Open Europe Blog

Who wears the trousers?

On Friday Le Monde got a big scoop with the news that French President Hollande’s Socialist party had drafted a strongly worded paper criticising Angela Merkel and her focus on austerity, accusing her amongst other things of “selfish intransigence”. It’s not exactly news that all was not well with the ‘Franco-German motor’ but still pretty explosive stuff and we were keenly anticipating what the German response would be. 

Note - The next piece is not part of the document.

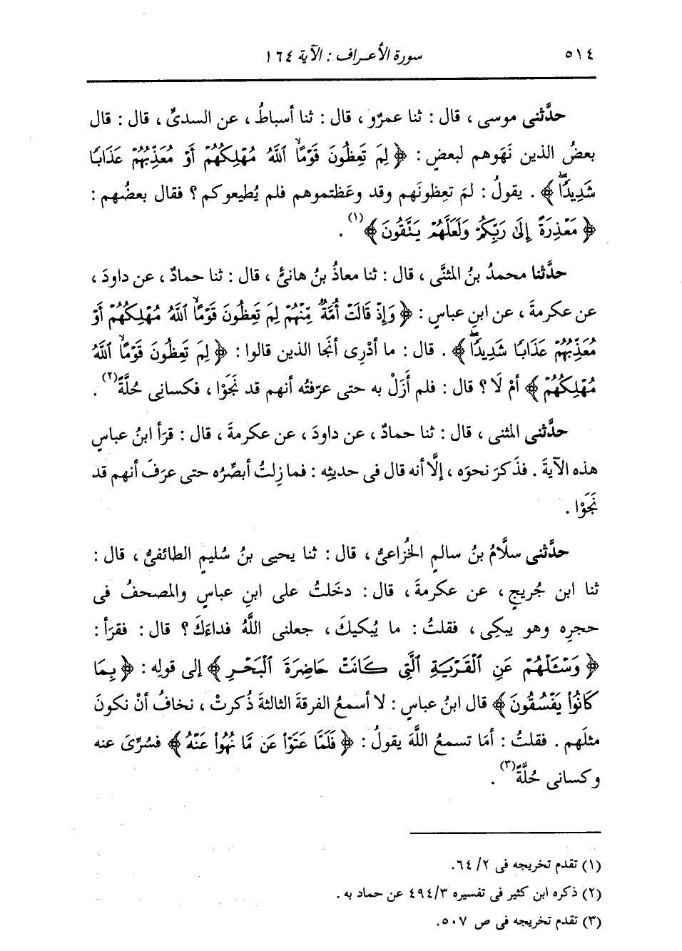 حَدَّثَنَا مُحَمَّدُ بْنُ الْمُثَنَّى، قَالَ: ثنا مُعَاذُ بْنُ هَانِئٍ، قَالَ: ثنا حَمَّادٌ، عَنْ دَاوُدَ، عَنْ عِكْرِمَةَ، عَنِ ابْنِ عَبَّاسٍ: " {§وَإِذْ قَالَتْ أُمَّةٌ مِنْهُمْ لِمَ تَعِظُونَ قَوْمًا اللَّهُ مُهْلِكُهُمْ أَوْ مُعَذِّبُهُمْ عَذَابًا شَدِيدًا} [الأعراف: 164] قَالَ: مَا أَدْرِي أَنَجَا الَّذِينَ قَالُوا: {لِمَ تَعِظُونَ قَوْمًا اللَّهُ مُهْلِكُهُمْ} [الأعراف: 164] أَمْ لَا؟ قَالَ: فَلَمْ أَزَلْ بِهِ حَتَّى عَرَّفْتُهُ أَنَّهُمْ قَدْ نَجَوْا، فَكَسَانِي حُلَّةً " حَدَّثَنِي الْمُثَنَّى، قَالَ: ثنا حَمَّادٌ، عَنْ دَاوُدَ، عَنْ عِكْرِمَةَ، قَالَ: قَرَأَ ابْنُ عَبَّاسٍ هَذِهِ الْآيَةَ، فَذَكَرَ نَحْوَهُ، إِلَّا أَنَّهُ قَالَ فِي حَدِيثِهِ: فَمَا زِلْتُ أَبْصُرُهُ حَتَّى عَرَفَ أَنَّهُمْ قَدْ نَجَوْا

However, even taking into account the number of caveats (not an official policy document etc.) this reaction was pretty muted, both in terms of the media and politicians (in contrast the story was still on the front page of Le Figaro today). Most of the main German papers ran the story online, only setting out the basic facts (e.g. HandelsblattSüddeutsche, Tagesspiegel), and noting it represented a struggle between moderates and radicals within the party. However the Welt write-up included a bit of editorial comment:

“As unemployment in France rises ever higher, just like the budget deficit, while President Francois Hollande’s popularity falls ever lower, the breakout attempts of the governing socialists become increasingly desperate.” 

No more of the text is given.